** THE DATA follows **

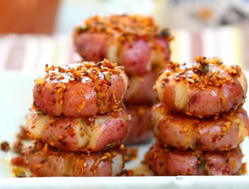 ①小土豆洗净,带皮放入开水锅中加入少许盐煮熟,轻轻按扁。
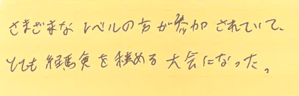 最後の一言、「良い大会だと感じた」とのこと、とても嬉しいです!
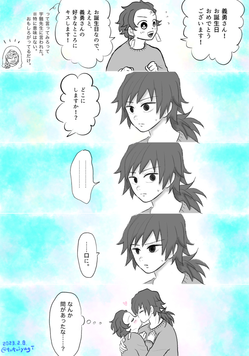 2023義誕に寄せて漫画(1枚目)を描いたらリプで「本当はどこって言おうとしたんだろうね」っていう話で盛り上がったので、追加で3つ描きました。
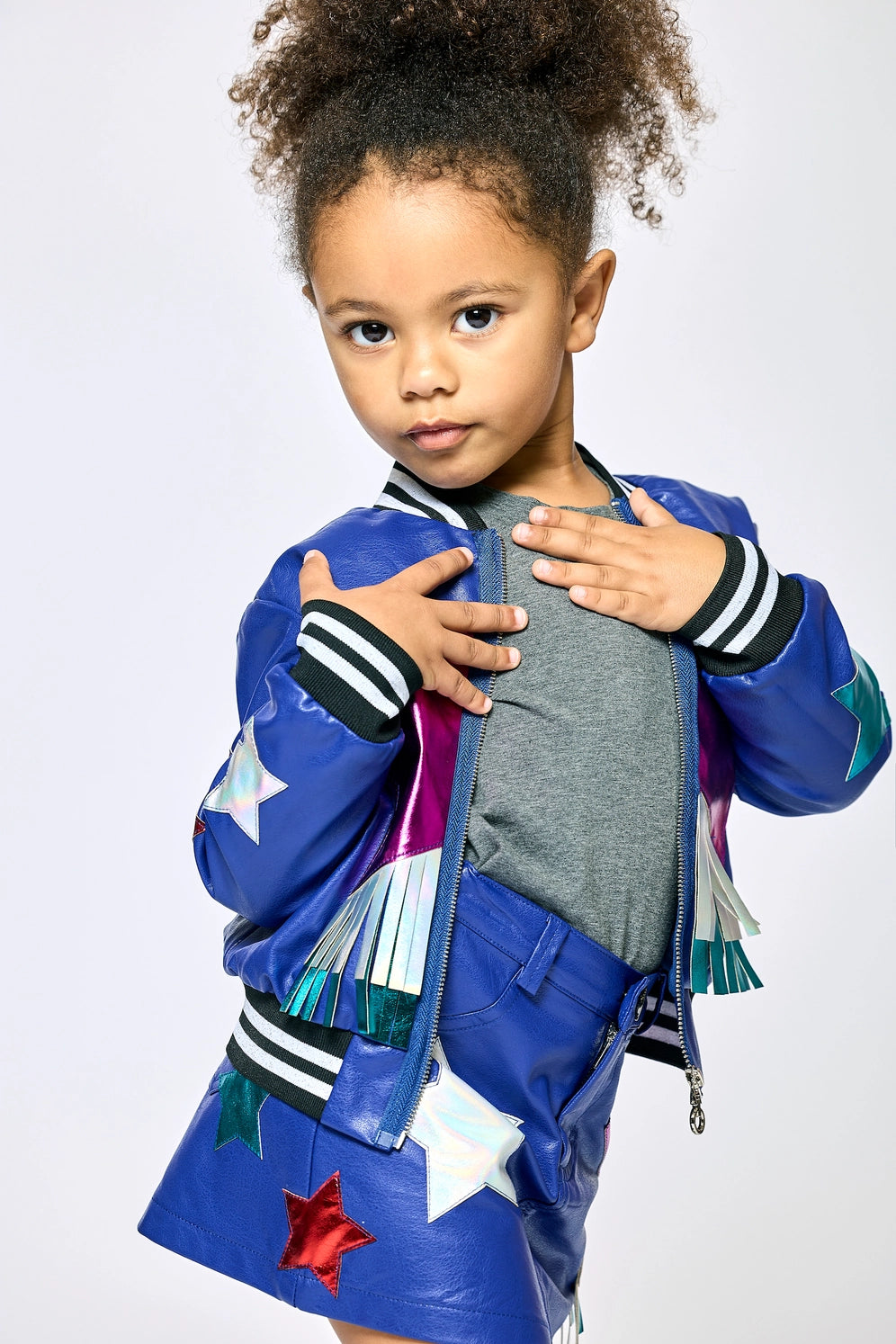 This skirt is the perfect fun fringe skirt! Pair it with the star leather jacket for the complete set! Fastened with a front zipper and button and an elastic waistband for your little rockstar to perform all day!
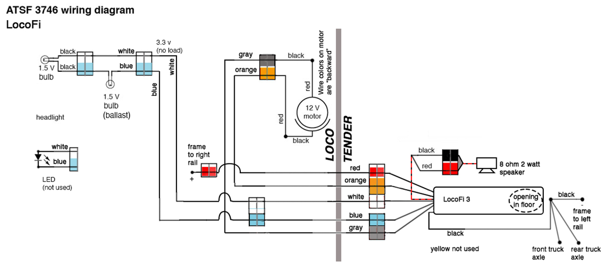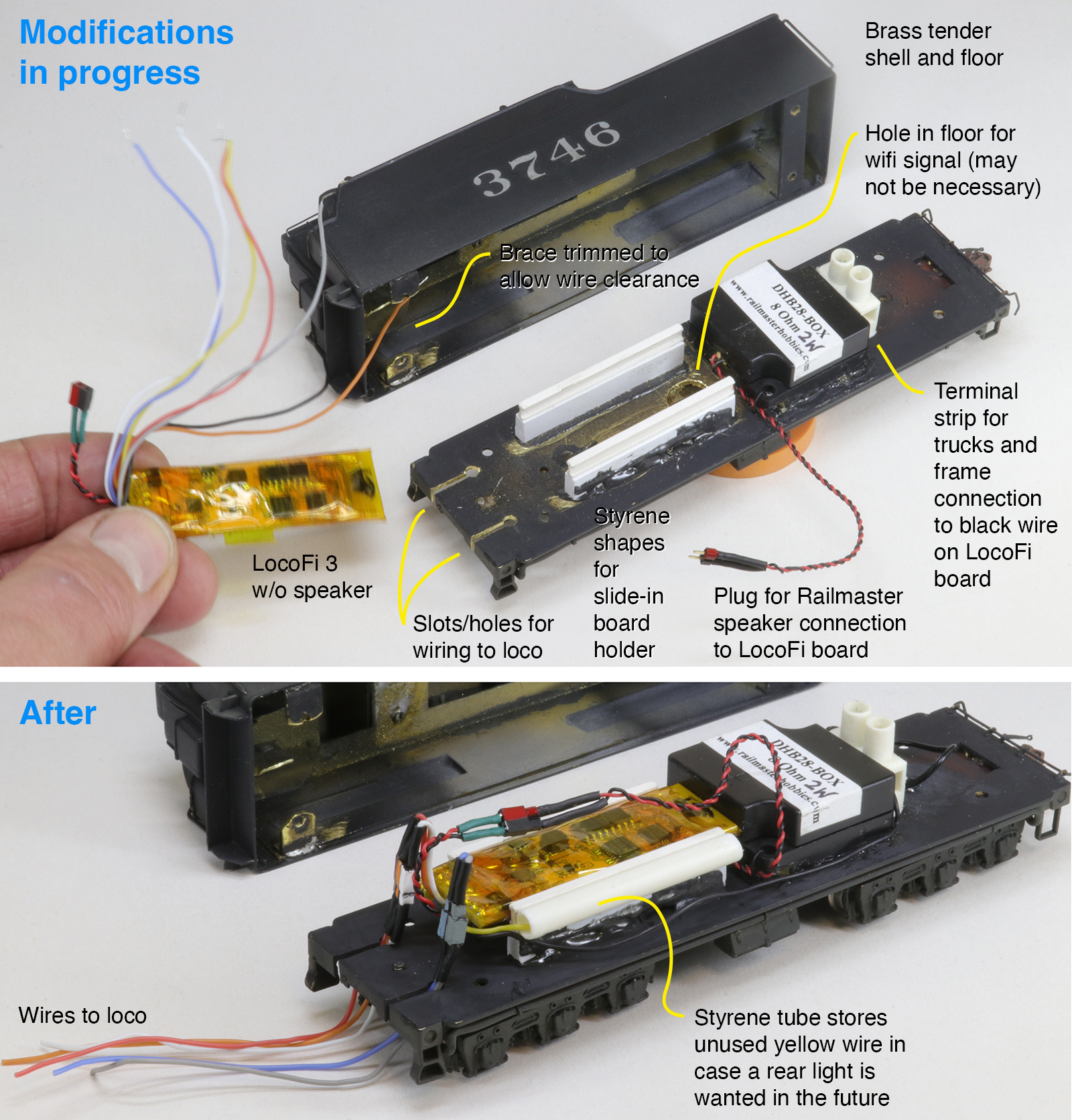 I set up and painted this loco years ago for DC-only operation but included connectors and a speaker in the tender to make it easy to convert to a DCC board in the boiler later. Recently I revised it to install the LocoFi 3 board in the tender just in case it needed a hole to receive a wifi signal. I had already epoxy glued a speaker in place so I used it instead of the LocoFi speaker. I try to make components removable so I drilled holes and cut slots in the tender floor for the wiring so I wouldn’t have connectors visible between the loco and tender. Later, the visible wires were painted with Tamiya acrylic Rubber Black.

** End of THE DATA **

**TASK DIRECTIONS:**
Everything from the line holding "最後の一言、「良い大会だと感じた」とのこと、とても嬉しいです!" to the close of the records should be written out exactly, both ends included, with pictures omitted.

**WRITTEN SOLUTION:**
 最後の一言、「良い大会だと感じた」とのこと、とても嬉しいです!
 2023義誕に寄せて漫画(1枚目)を描いたらリプで「本当はどこって言おうとしたんだろうね」っていう話で盛り上がったので、追加で3つ描きました。
 This skirt is the perfect fun fringe skirt! Pair it with the star leather jacket for the complete set! Fastened with a front zipper and button and an elastic waistband for your little rockstar to perform all day!
 I set up and painted this loco years ago for DC-only operation but included connectors and a speaker in the tender to make it easy to convert to a DCC board in the boiler later. Recently I revised it to install the LocoFi 3 board in the tender just in case it needed a hole to receive a wifi signal. I had already epoxy glued a speaker in place so I used it instead of the LocoFi speaker. I try to make components removable so I drilled holes and cut slots in the tender floor for the wiring so I wouldn’t have connectors visible between the loco and tender. Later, the visible wires were painted with Tamiya acrylic Rubber Black.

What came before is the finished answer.